Kalidasa s most famous play refashions an episode from the Mahabharata, magnificently dramatizing the love story of Shakuntala, a girl of semi-divine origin, and Dushyanta, a noble human king. After their brief and passionate but secret union at her father s forest ashram, Dushyanta must return to his capital. He gives Shakuntala his signet ring, promising to make her his queen when she joins him later. But, placed unawares under a curse, he forgets her and she loses the ring that would have enabled him to recognize her. Will the lovers be reunited? The world s first full-length play centred on a comprehensive love story, The Recognition of Shakuntala is an undisputed classic of the ancient period. Vinay Dharwadker s sparkling new translation is the definitive poetic rendering of this romantic-heroic comedy for the twenty-first century stage. His absorbing commentary and notes give contemporary readers an unparalleled opportunity to savour the riches of a timeless text.
ABOUT THE AUTHOR Kalidasa
Kalidasa is one of the greatest classical Sanskrit poets and dramatists of ancient India, but very little is known about his life and time. The writings of Kalidasa reveal that he was a pious Brahmana of Ujjain, and had acquired a knowledge of the various branches of Brahmanical learning. His versatile genius, his acquaintance with court etiquette, his shrewdness, his modesty, not without a due sense of self-respect, and his poetic talent are very well reflected in all his works, which are: Malavikagnimitra, Vikramorvasiya, Abhijnana-Sakuntala (dramas) and poems like Raghuvamsa, Kumarasambhava and Meghaduta. Both in drama and poetry, Kalidasa stands not only unsurpassed but even unrivalled.

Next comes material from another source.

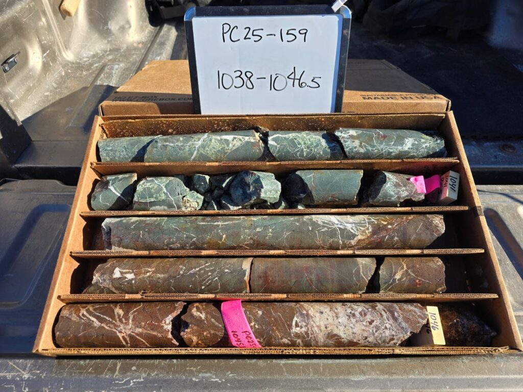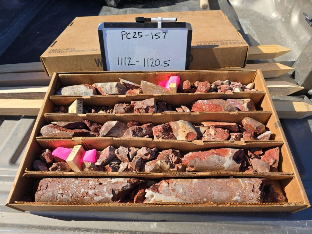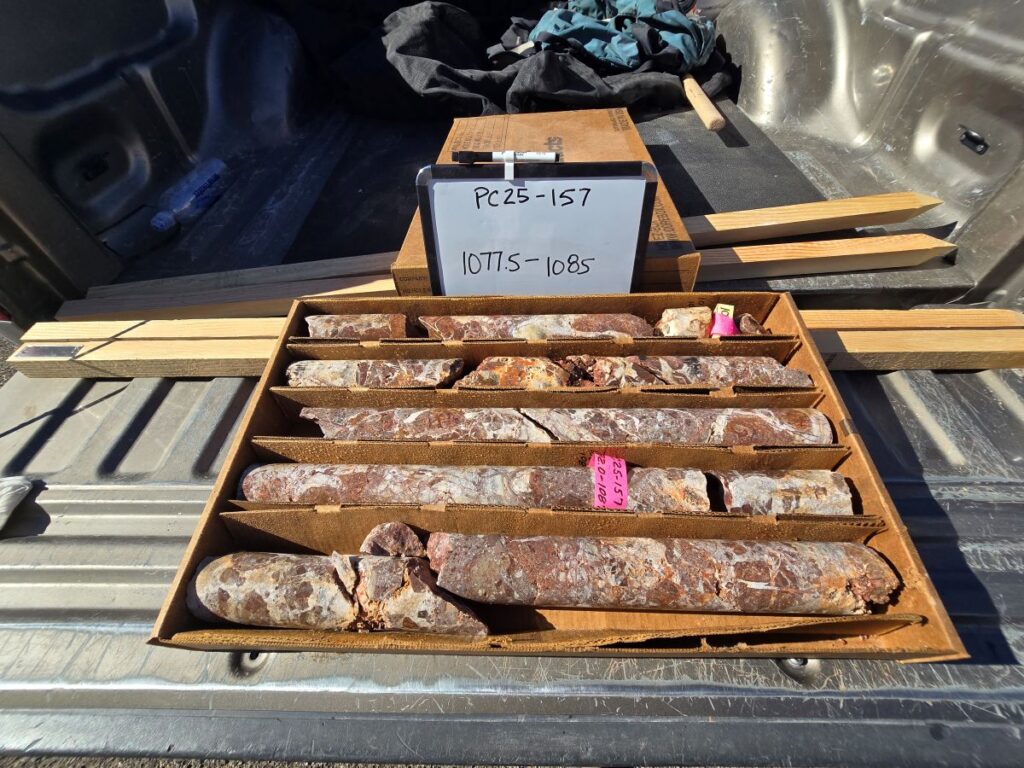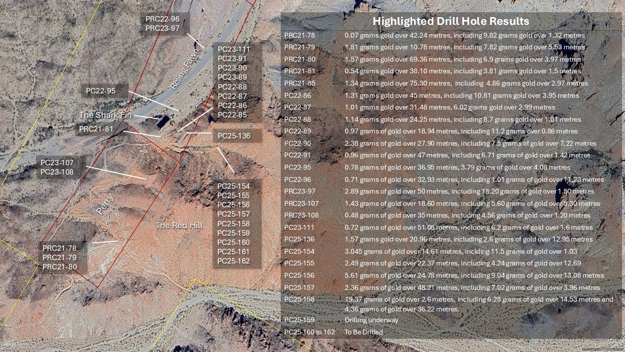 Rising Fawn is a segment of the main trend that lacked the drilling necessary to ultimately provide a resource estimate. PC25-136 is the first of six drill holes recently completed testing down dip and/or along strike of well mineralized intercepts reported earlier (see News Release dated March 19, 2025). PC25-136 was designed as a precursor to stepping further back onto the Company’s BLM pad#2.

ABOUT THE AUTHOR Vinay Dharwadker
Vinay Dharwadker was born in Pune in 1954, and was educated at St. Stephen’s College, Delhi University, and the University of Chicago. He is the author of a book of poems, Sunday at the Lodi Gardens (1994), and an editor of The Oxford Anthology of Modern Indian Poetry (1994), a co-editor of The Collected Poems of A.K. Ramanujan (1995), and the general editor of The Collected Essays of A.K. Ramanujan (1999). His other edited books include Cosmopolitan Geographies: New Locations in Literature and Culture (2001). He has published translations of modern Hindi, Marathi, Urdu and Punjabi poetry, as well as essays on literary theory, translation studies and Indian English literature. He teaches Indian languages and literatures at the University of Wisconsin-Madison, where he also serves as the Director of the Centre for South Asia.